[Opening RECORDS SHOWN section]
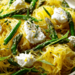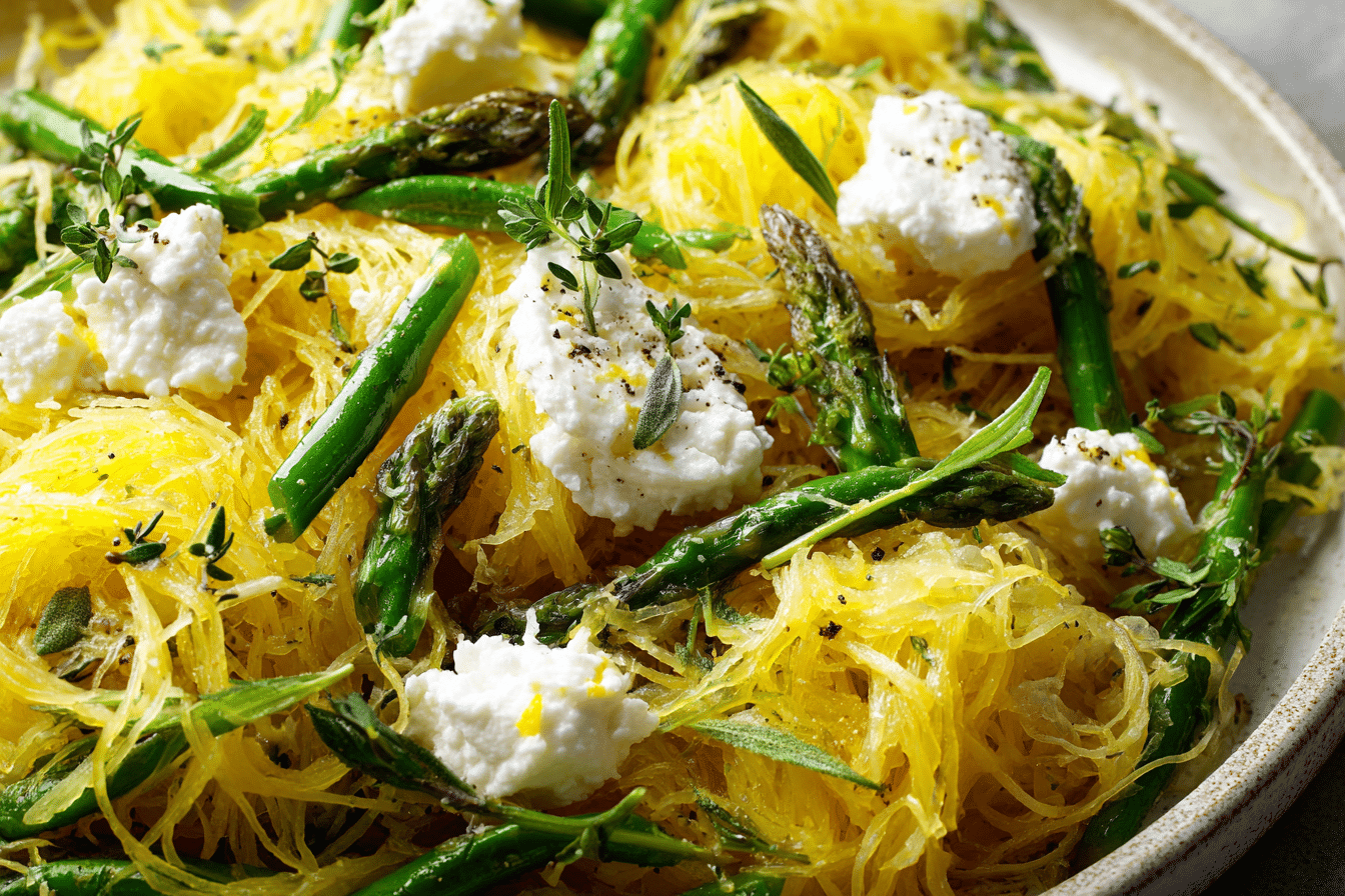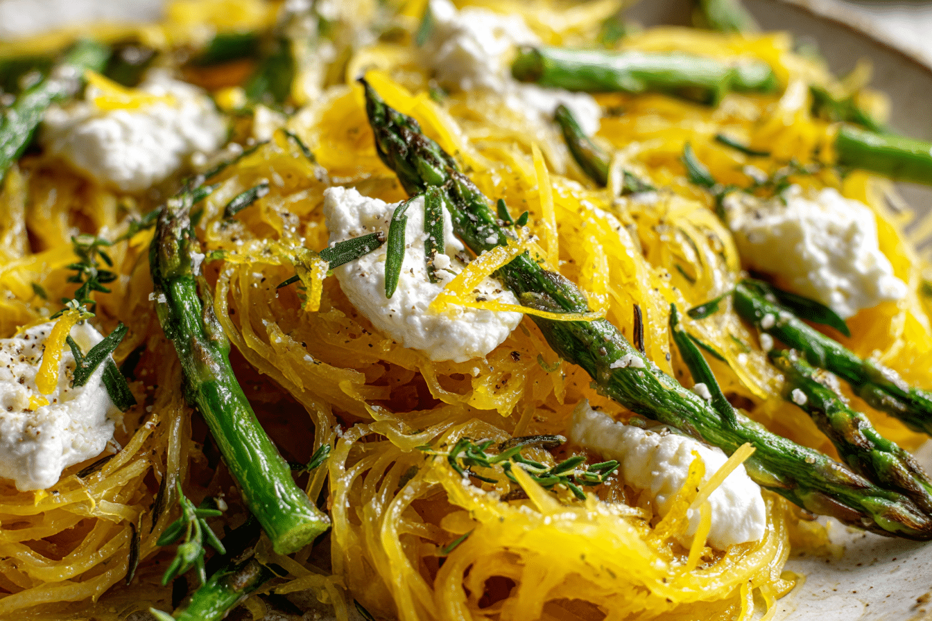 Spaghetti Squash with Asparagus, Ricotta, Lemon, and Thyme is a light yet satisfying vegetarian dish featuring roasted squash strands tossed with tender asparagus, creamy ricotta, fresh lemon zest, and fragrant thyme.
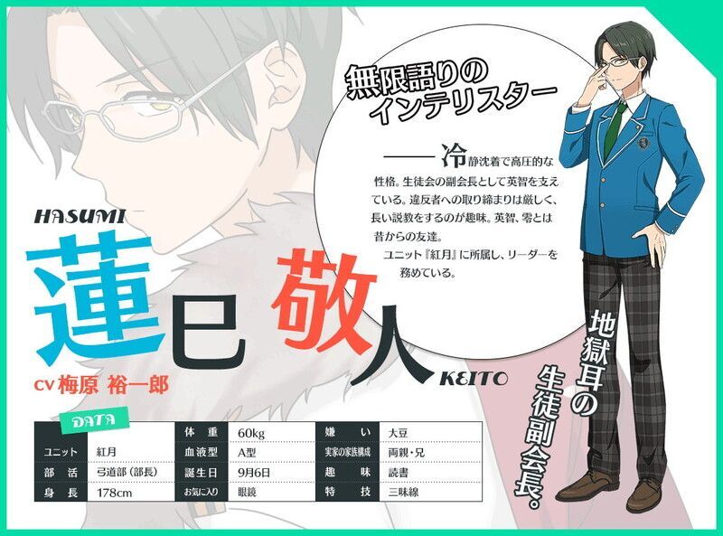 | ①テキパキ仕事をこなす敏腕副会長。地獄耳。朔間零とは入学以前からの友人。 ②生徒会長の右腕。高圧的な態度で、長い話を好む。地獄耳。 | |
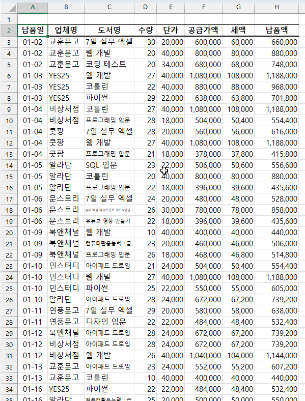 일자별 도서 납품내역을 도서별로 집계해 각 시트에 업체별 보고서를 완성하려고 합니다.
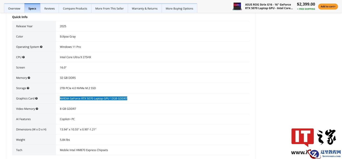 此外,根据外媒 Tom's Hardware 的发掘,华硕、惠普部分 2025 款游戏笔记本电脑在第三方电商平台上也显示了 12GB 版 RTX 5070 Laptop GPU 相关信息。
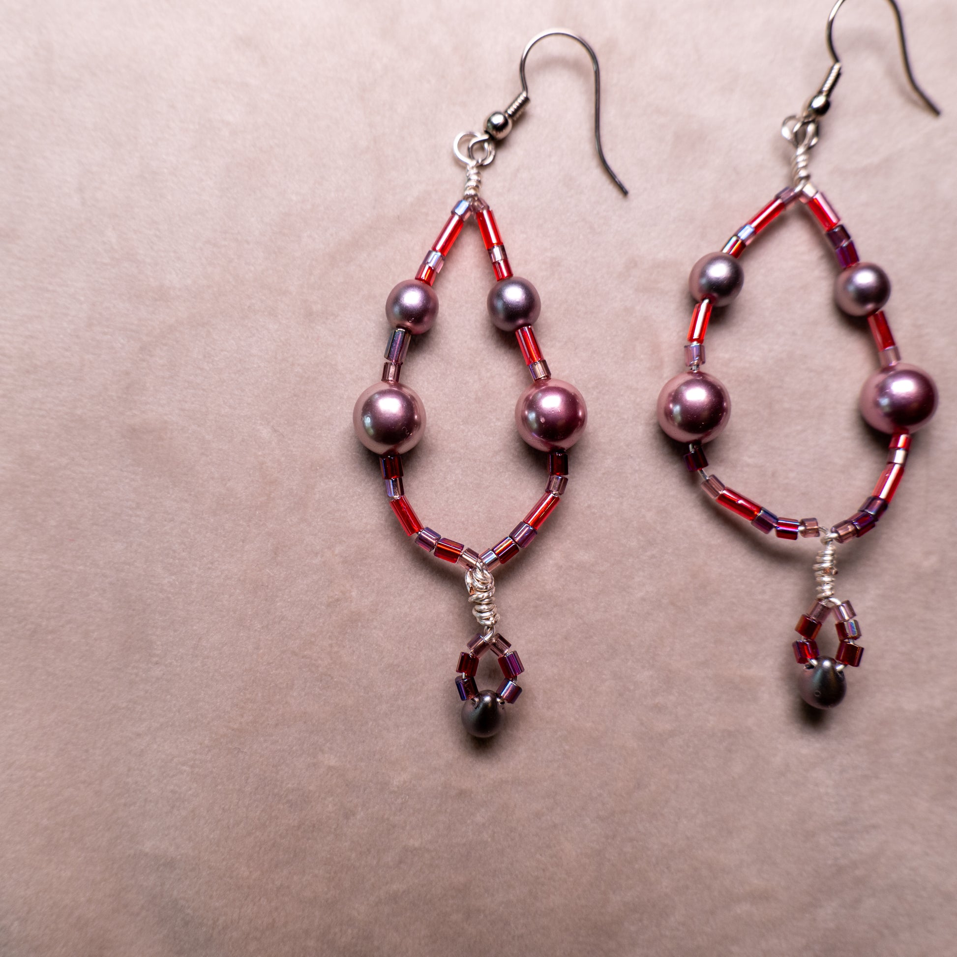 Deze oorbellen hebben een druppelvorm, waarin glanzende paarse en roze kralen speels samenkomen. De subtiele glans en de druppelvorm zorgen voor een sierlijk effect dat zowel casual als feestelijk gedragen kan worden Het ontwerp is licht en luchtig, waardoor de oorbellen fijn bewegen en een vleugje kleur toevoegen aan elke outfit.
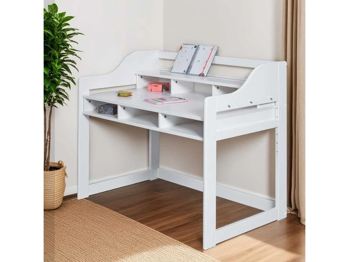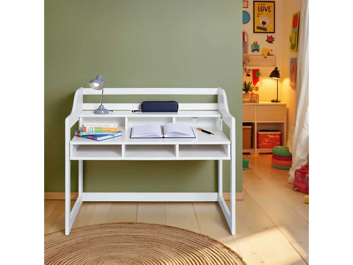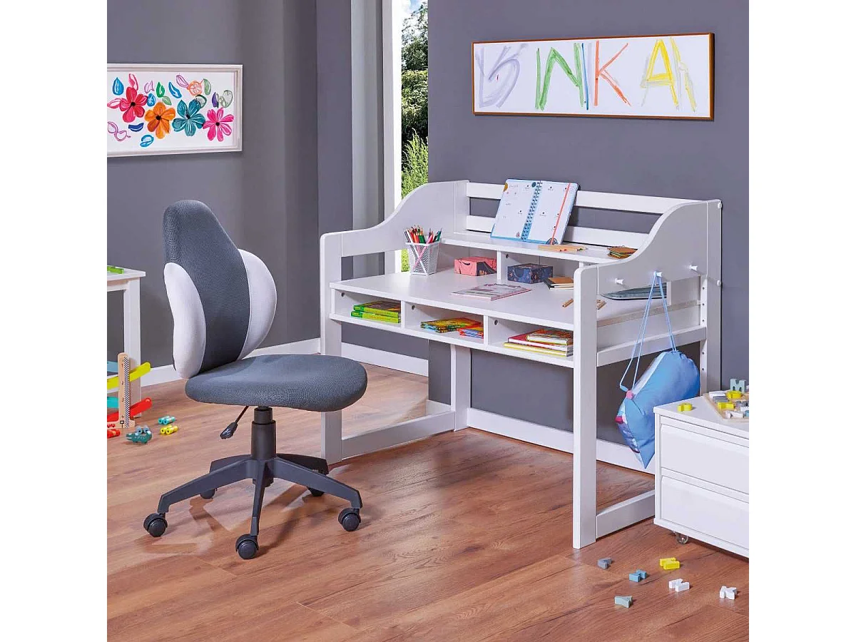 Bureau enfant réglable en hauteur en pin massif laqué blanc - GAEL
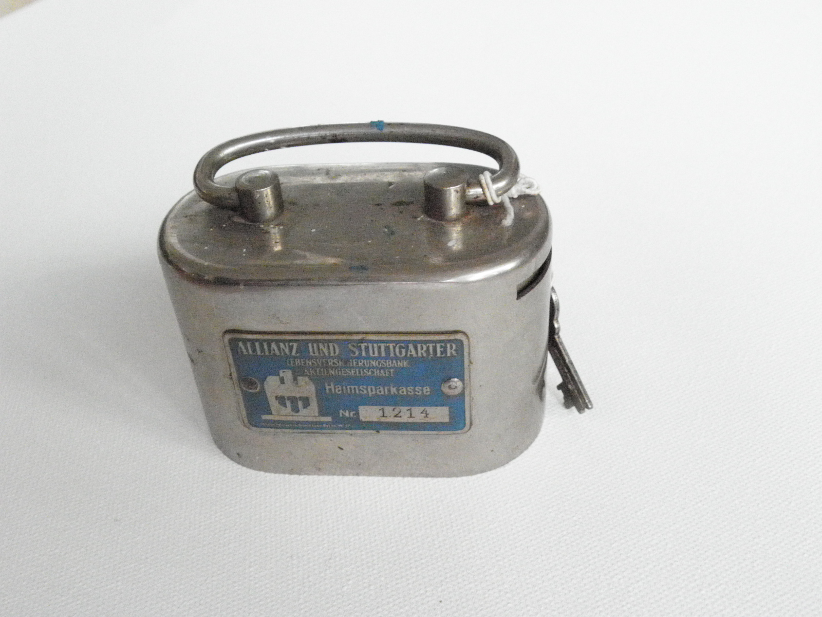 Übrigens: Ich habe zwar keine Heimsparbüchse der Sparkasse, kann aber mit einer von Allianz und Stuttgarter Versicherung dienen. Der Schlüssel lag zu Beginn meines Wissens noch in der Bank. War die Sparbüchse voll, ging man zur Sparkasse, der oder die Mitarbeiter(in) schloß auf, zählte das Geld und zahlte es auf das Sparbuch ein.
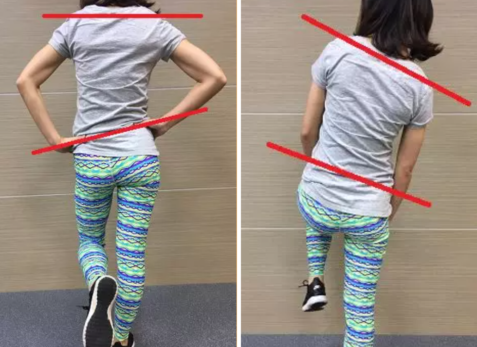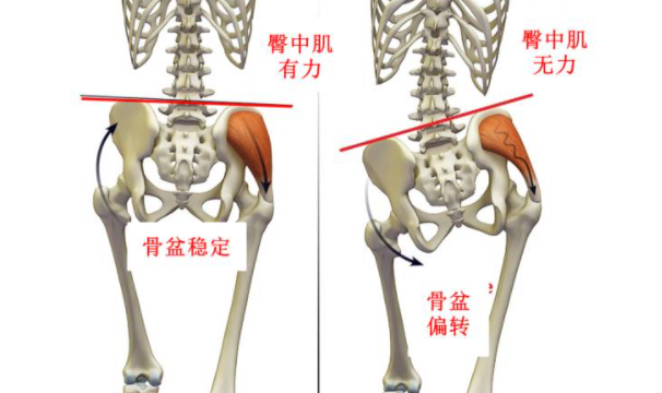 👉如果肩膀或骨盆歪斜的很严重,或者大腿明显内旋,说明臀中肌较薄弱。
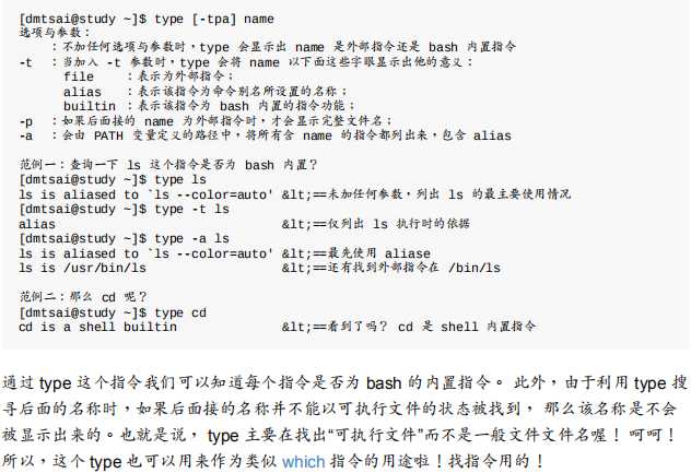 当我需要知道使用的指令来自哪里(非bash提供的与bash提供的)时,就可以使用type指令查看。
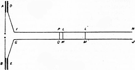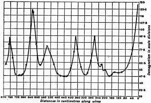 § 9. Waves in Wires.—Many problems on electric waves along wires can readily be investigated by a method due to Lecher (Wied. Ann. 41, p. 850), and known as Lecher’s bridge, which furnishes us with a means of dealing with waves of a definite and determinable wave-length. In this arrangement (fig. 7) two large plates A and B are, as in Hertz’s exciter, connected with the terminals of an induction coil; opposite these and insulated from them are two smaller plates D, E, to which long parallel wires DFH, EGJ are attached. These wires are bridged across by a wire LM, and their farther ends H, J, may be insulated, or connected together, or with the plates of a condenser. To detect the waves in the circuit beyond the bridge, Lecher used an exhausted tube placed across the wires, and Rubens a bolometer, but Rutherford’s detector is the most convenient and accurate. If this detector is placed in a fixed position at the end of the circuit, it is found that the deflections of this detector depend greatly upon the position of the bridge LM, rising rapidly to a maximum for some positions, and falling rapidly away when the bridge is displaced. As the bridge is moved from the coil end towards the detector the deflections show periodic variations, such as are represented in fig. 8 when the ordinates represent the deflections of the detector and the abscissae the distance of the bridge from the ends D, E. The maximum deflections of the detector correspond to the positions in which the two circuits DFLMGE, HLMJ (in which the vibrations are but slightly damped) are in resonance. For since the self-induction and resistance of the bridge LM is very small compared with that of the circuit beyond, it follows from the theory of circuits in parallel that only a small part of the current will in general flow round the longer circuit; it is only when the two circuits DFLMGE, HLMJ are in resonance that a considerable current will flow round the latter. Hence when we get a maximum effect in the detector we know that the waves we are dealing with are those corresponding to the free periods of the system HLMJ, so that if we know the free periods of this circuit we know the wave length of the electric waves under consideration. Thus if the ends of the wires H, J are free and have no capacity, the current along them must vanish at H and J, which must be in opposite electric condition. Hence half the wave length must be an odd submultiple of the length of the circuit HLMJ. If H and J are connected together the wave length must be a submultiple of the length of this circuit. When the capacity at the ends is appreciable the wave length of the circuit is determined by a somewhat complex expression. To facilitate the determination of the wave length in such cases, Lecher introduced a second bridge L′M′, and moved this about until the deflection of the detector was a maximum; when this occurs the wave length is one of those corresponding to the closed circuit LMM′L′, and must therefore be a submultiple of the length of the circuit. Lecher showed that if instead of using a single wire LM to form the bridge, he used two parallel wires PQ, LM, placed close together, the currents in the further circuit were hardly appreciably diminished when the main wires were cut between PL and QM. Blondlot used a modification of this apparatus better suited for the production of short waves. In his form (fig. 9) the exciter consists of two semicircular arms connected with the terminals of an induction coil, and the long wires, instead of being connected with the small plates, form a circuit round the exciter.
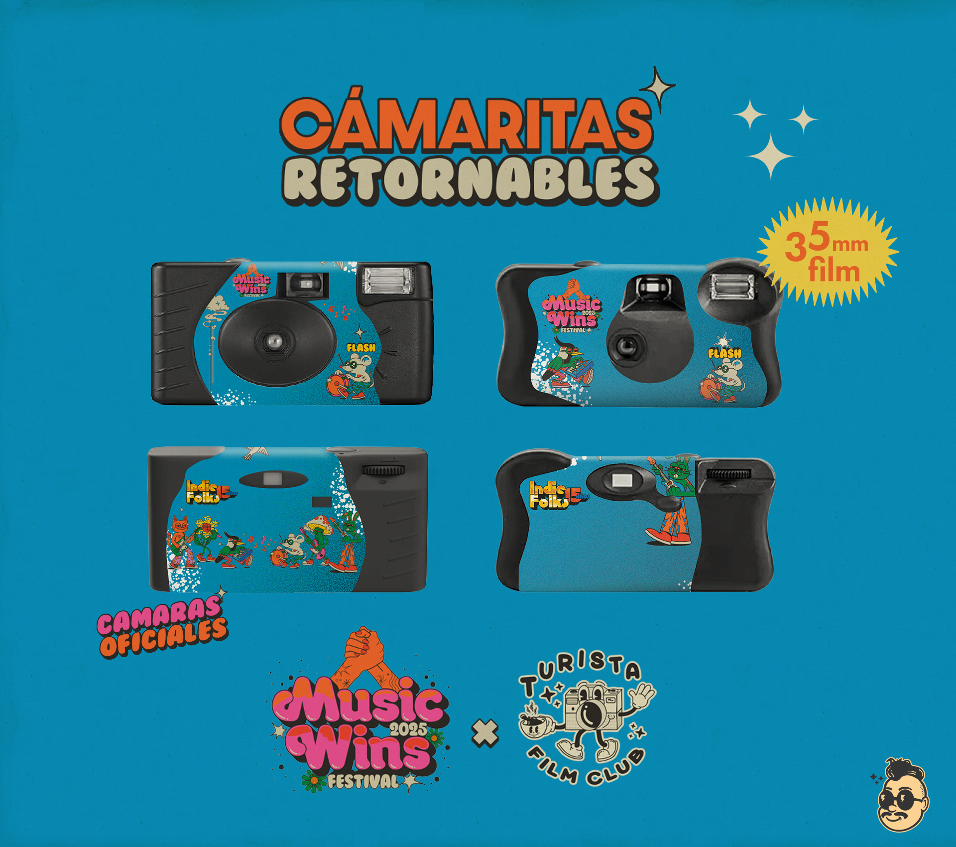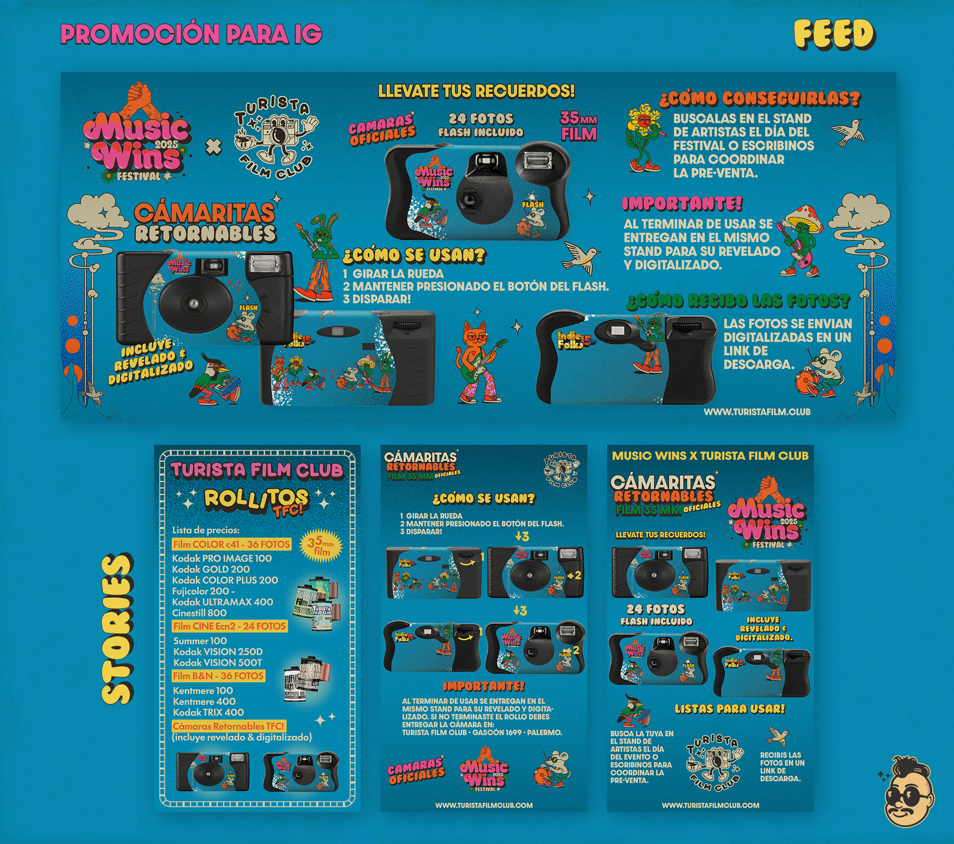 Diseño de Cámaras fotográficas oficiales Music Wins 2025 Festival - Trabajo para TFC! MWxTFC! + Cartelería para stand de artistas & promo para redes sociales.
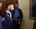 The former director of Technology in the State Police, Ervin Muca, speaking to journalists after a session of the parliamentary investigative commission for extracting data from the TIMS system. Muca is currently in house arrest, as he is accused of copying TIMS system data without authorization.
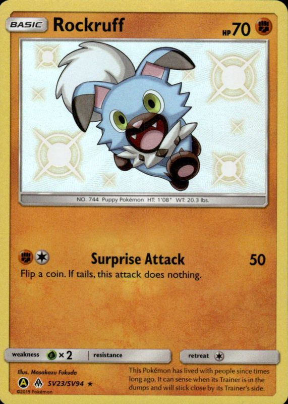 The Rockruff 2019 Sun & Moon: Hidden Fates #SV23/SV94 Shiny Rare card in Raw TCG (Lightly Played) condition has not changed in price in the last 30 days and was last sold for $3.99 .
[Closing RECORDS SHOWN section]
_DIRECTIONS FOR THIS TASK_
The records above are to be restated word for word, excluding all pictures.

_EXERCISE OUTPUT_
 Spaghetti Squash with Asparagus, Ricotta, Lemon, and Thyme is a light yet satisfying vegetarian dish featuring roasted squash strands tossed with tender asparagus, creamy ricotta, fresh lemon zest, and fragrant thyme.
 | ①テキパキ仕事をこなす敏腕副会長。地獄耳。朔間零とは入学以前からの友人。 ②生徒会長の右腕。高圧的な態度で、長い話を好む。地獄耳。 | |
 일자별 도서 납품내역을 도서별로 집계해 각 시트에 업체별 보고서를 완성하려고 합니다.
 此外,根据外媒 Tom's Hardware 的发掘,华硕、惠普部分 2025 款游戏笔记本电脑在第三方电商平台上也显示了 12GB 版 RTX 5070 Laptop GPU 相关信息。
 Deze oorbellen hebben een druppelvorm, waarin glanzende paarse en roze kralen speels samenkomen. De subtiele glans en de druppelvorm zorgen voor een sierlijk effect dat zowel casual als feestelijk gedragen kan worden Het ontwerp is licht en luchtig, waardoor de oorbellen fijn bewegen en een vleugje kleur toevoegen aan elke outfit.
 Bureau enfant réglable en hauteur en pin massif laqué blanc - GAEL
 Übrigens: Ich habe zwar keine Heimsparbüchse der Sparkasse, kann aber mit einer von Allianz und Stuttgarter Versicherung dienen. Der Schlüssel lag zu Beginn meines Wissens noch in der Bank. War die Sparbüchse voll, ging man zur Sparkasse, der oder die Mitarbeiter(in) schloß auf, zählte das Geld und zahlte es auf das Sparbuch ein.
 👉如果肩膀或骨盆歪斜的很严重,或者大腿明显内旋,说明臀中肌较薄弱。
 当我需要知道使用的指令来自哪里(非bash提供的与bash提供的)时,就可以使用type指令查看。
 § 9. Waves in Wires.—Many problems on electric waves along wires can readily be investigated by a method due to Lecher (Wied. Ann. 41, p. 850), and known as Lecher’s bridge, which furnishes us with a means of dealing with waves of a definite and determinable wave-length. In this arrangement (fig. 7) two large plates A and B are, as in Hertz’s exciter, connected with the terminals of an induction coil; opposite these and insulated from them are two smaller plates D, E, to which long parallel wires DFH, EGJ are attached. These wires are bridged across by a wire LM, and their farther ends H, J, may be insulated, or connected together, or with the plates of a condenser. To detect the waves in the circuit beyond the bridge, Lecher used an exhausted tube placed across the wires, and Rubens a bolometer, but Rutherford’s detector is the most convenient and accurate. If this detector is placed in a fixed position at the end of the circuit, it is found that the deflections of this detector depend greatly upon the position of the bridge LM, rising rapidly to a maximum for some positions, and falling rapidly away when the bridge is displaced. As the bridge is moved from the coil end towards the detector the deflections show periodic variations, such as are represented in fig. 8 when the ordinates represent the deflections of the detector and the abscissae the distance of the bridge from the ends D, E. The maximum deflections of the detector correspond to the positions in which the two circuits DFLMGE, HLMJ (in which the vibrations are but slightly damped) are in resonance. For since the self-induction and resistance of the bridge LM is very small compared with that of the circuit beyond, it follows from the theory of circuits in parallel that only a small part of the current will in general flow round the longer circuit; it is only when the two circuits DFLMGE, HLMJ are in resonance that a considerable current will flow round the latter. Hence when we get a maximum effect in the detector we know that the waves we are dealing with are those corresponding to the free periods of the system HLMJ, so that if we know the free periods of this circuit we know the wave length of the electric waves under consideration. Thus if the ends of the wires H, J are free and have no capacity, the current along them must vanish at H and J, which must be in opposite electric condition. Hence half the wave length must be an odd submultiple of the length of the circuit HLMJ. If H and J are connected together the wave length must be a submultiple of the length of this circuit. When the capacity at the ends is appreciable the wave length of the circuit is determined by a somewhat complex expression. To facilitate the determination of the wave length in such cases, Lecher introduced a second bridge L′M′, and moved this about until the deflection of the detector was a maximum; when this occurs the wave length is one of those corresponding to the closed circuit LMM′L′, and must therefore be a submultiple of the length of the circuit. Lecher showed that if instead of using a single wire LM to form the bridge, he used two parallel wires PQ, LM, placed close together, the currents in the further circuit were hardly appreciably diminished when the main wires were cut between PL and QM. Blondlot used a modification of this apparatus better suited for the production of short waves. In his form (fig. 9) the exciter consists of two semicircular arms connected with the terminals of an induction coil, and the long wires, instead of being connected with the small plates, form a circuit round the exciter.
 Diseño de Cámaras fotográficas oficiales Music Wins 2025 Festival - Trabajo para TFC! MWxTFC! + Cartelería para stand de artistas & promo para redes sociales.
 The former director of Technology in the State Police, Ervin Muca, speaking to journalists after a session of the parliamentary investigative commission for extracting data from the TIMS system. Muca is currently in house arrest, as he is accused of copying TIMS system data without authorization.
 The Rockruff 2019 Sun & Moon: Hidden Fates #SV23/SV94 Shiny Rare card in Raw TCG (Lightly Played) condition has not changed in price in the last 30 days and was last sold for $3.99 .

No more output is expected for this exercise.